Each milk quality feature plays a different role when final milk destination is taken into account. When milk fat quality is examined, lipolytic damage may be of major concern to the fluid milk market. Milk fat lipolysis is the hydrolysis of fatty acids from fat globule triglycerides. Spontaneous lipolysis in fresh, high quality bovine milk is caused mainly by the activity of the native milk lipase, which is characterized as a lipoprotein lipase (EC 3.1.1.34; Santos et al., 2003). An increase in lipolysis in cold, stored milk is due to the action of milk lipoprotein lipase, which can be stimulated (induced lipolysis) by agitation, foaming, or temperature changes. The AMS leads to more milk FFA content than does MP (de Koning et al., 2004). Recently, Slaghuis et al. (2004) reported that milking frequencies seemed to be of more importance than technical traits of the AMS in determining milk FFA content, because FFA content was comparable for farms milking thrice daily in an MP and for those using an AMS. Increased milking frequency increased the activity of acetyl-coenzyme A carboxylase and fatty acid synthetase in goat mammary tissue (Travers and Barber, 1993), leading to an increase in de novo synthesis of short-chain fatty acids. Considering the general preference of milk lipase for triglycerides containing short-chain fatty acids over triglycerides containing long-chain fatty acids, Klei et al. (1997) suggested that the greater lipolysis in milk from thrice-daily milking compared with that of milk from twice-daily milking could be due to an increase in short-chain fatty acids in fat from the higher milking frequency.

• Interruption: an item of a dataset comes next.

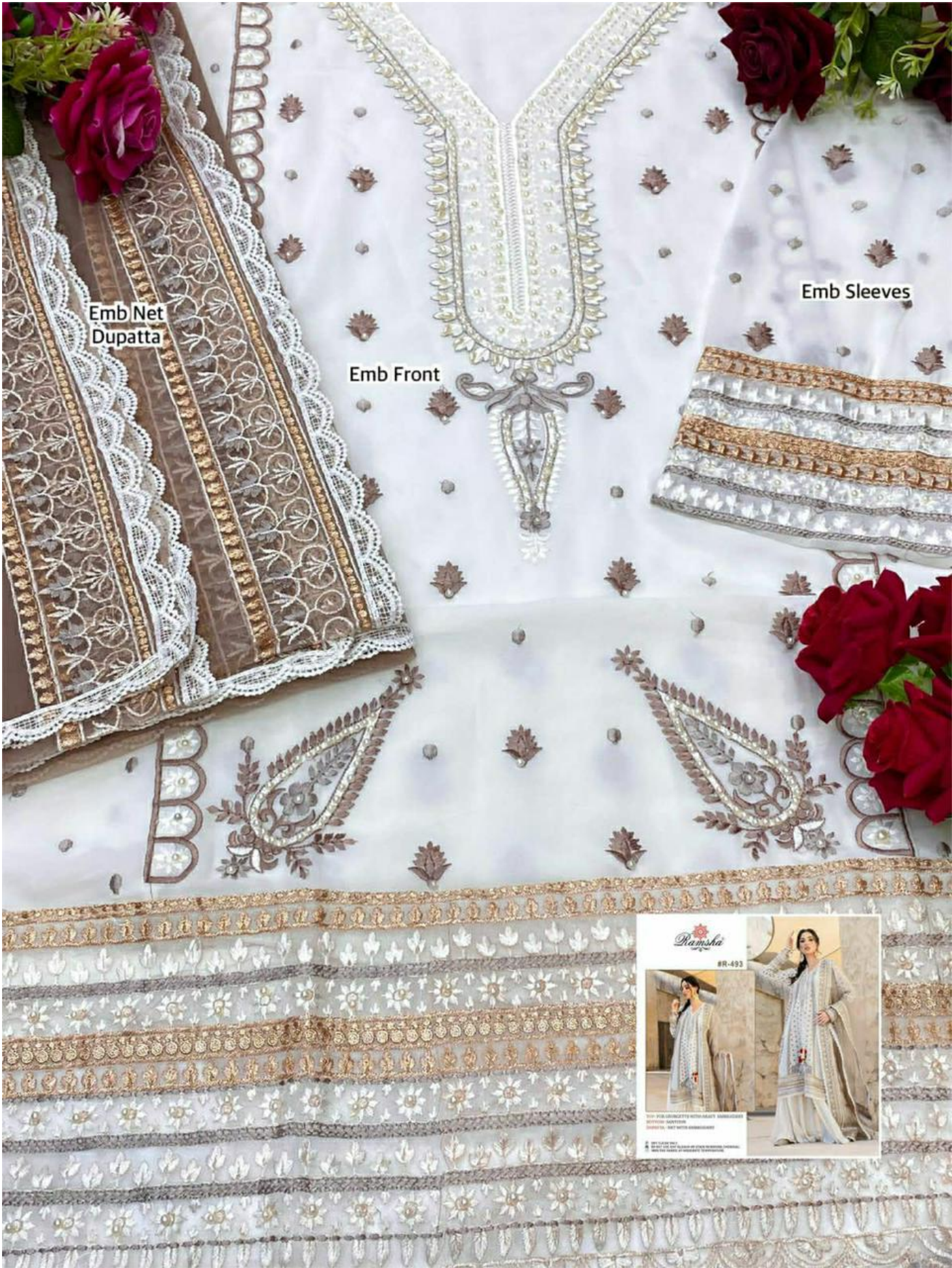
Emb Net Dupatta

From this hypothesis, it is possible to suppose that milk fat globules could be richer in short-chain fatty acids in cows milked more frequently by an AMS.

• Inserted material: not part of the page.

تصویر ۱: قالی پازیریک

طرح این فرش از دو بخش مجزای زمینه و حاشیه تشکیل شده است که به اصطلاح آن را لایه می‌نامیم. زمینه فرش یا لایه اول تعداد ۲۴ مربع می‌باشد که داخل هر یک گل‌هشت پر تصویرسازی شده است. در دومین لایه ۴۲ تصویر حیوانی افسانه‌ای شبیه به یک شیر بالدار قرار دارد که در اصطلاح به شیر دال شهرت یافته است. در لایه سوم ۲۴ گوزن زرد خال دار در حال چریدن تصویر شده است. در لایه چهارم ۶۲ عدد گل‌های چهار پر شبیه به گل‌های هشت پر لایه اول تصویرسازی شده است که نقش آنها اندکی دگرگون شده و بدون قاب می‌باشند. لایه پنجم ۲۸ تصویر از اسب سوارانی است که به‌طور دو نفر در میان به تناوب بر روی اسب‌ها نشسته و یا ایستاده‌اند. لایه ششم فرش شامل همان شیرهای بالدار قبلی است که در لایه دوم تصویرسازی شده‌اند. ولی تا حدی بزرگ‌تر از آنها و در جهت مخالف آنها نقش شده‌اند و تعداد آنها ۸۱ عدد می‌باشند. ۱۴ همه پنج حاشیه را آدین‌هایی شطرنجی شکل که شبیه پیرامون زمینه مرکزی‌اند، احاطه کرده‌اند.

In the traditional Italian dairy industry, milk is processed for typical products such as long-ripening cheeses (e.g., Grana Padano and Parmigiano Reggiano). The cheese-making processes involve different traditional stages that give specific features to the final product quality. Natural creaming is the traditional way to achieve the 2 main results that affect the quality of milk that reaches the kier; namely, a significant reduction in spore-forming bacteria, which could determine cheese loss during the ripening stage through the late blowing defect, and a standardization of milk fat-to-casein ratio, which is relevant for flavor development during the ripening stage (Bottazzi et al., 1995). Natural creaming is directly related to fat globule size, according to Stokes’ law (Walstra, 1994).

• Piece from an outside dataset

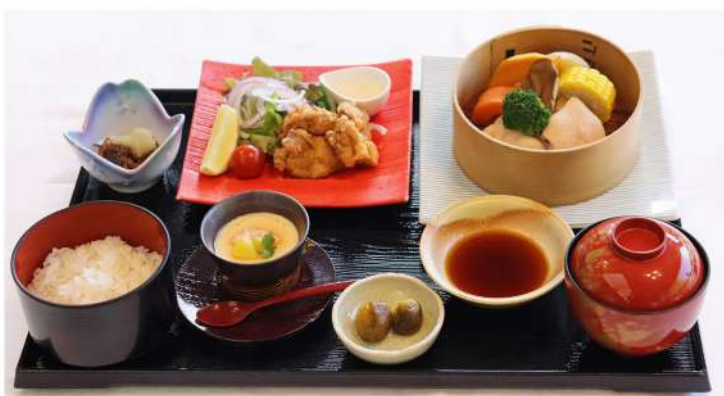
SHIRETOKODORI-GOZEN ¥2,500 Shiretoko chicken dish set

全メニューサービスドリンク（コーヒー/紅茶/オレンジジュース）付 All the lunch menus include coffee, tea or orange juice.

Recent studies are available on milk fat globule size (Michalski et al., 2002, 2003), suggesting growing interest, from a technological point of view, about this topic. Therefore, the effect of a basic management factor such as milking system should be considered. Small fat globules having diameter ≤1 µm represent 80% of the total number of globules, but only a small part of the total weight (Jensen et al., 1991). Fat globules of approximately 4 µm represent 90% of the fat, but only 10 to 30% of globular numbers (Jensen et al., 1991). Larger globules having diameters between 8 and 12 µm represent less than 1% of globular numbers, but contain 2 to 3% of the fat (Jensen et al., 1991). Skim milk, in which milk fat is composed of small globules, contains proportionally less C4:0 to C10:0 than cream, whereas milk fat is composed of larger globules (Jensen et al., 1991). Most biochemical evidence favors the interpretation that the major mechanism for secretion of milk lipid globules involves envelopment of droplets directly in plasma membrane (Jensen et al., 1991). Average diameter of fat globules (d1) is not always representative of the size distribution. Therefore, it has become common to use the volume-surface average diameter (d32), as suggested by Walstra (1994).

Few data are available on the effect of milking frequency or milking interval on milk fat variables. Klei et al. (1997) reported more milk fat yield, but also more FFA content in milk when cows were milked thrice rather than twice daily. Increase in FFA content, due to the reduced milking interval, was confirmed by Klungel et al. (2000), who also provided evidence that when milking occurred with an AMS, the increase was greater than that in milk from a third daily milking in an MP. Recently, Hamann et al. (2004) observed an increase in fat and FFA content as milking interval was reduced. This agrees with findings from Svennersten-Sjaunja et al. (2004), who reported larger globules and more FFA content in milk after more frequent milkings (6 vs. 2 times daily). No results are available about the effect of milking interval on natural creaming.

The objectives of this study were to 1) determine the effects of the milking system on milk fat globule size, natural creaming, and lipolysis; 2) highlight interactions between milking system and sampling period of the year (seasonal pattern); and 3) discern whether some changes might be related to the different milking interval per se rather than to the milking system technology.


    MATERIALS AND METHODS
 TOP
 ABSTRACT
 INTRODUCTION
 MATERIALS AND METHODS
 RESULTS
 DISCUSSION
 CONCLUSIONS
 ACKNOWLEDGEMENTS
 REFERENCES
 
General
This experiment was designed to compare the quality of milk obtained from 2 different milking systems. The traditional MP was a double-8 herringbone (DeLaval, Tumba, Sweden) and the AMS was a single box system (DeLaval VMS, DeLaval). The experiment was conducted from February to November 2003, with 6 sampling times: February 26–27, April 14–15, May 28–29, July 21–22, September 17–18, and November 3–4. A total of 38 Italian Friesian first-lactation cows that calved during all seasons represented by the sampling periods were allocated to the 2 milking systems based on calving date, average breeding value, age at first calving, and body condition. At the beginning of lactation, the cows were introduced into 2 similar herds, each composed of 50 cows. The 2 herds were also comparable in average milk yield and parity.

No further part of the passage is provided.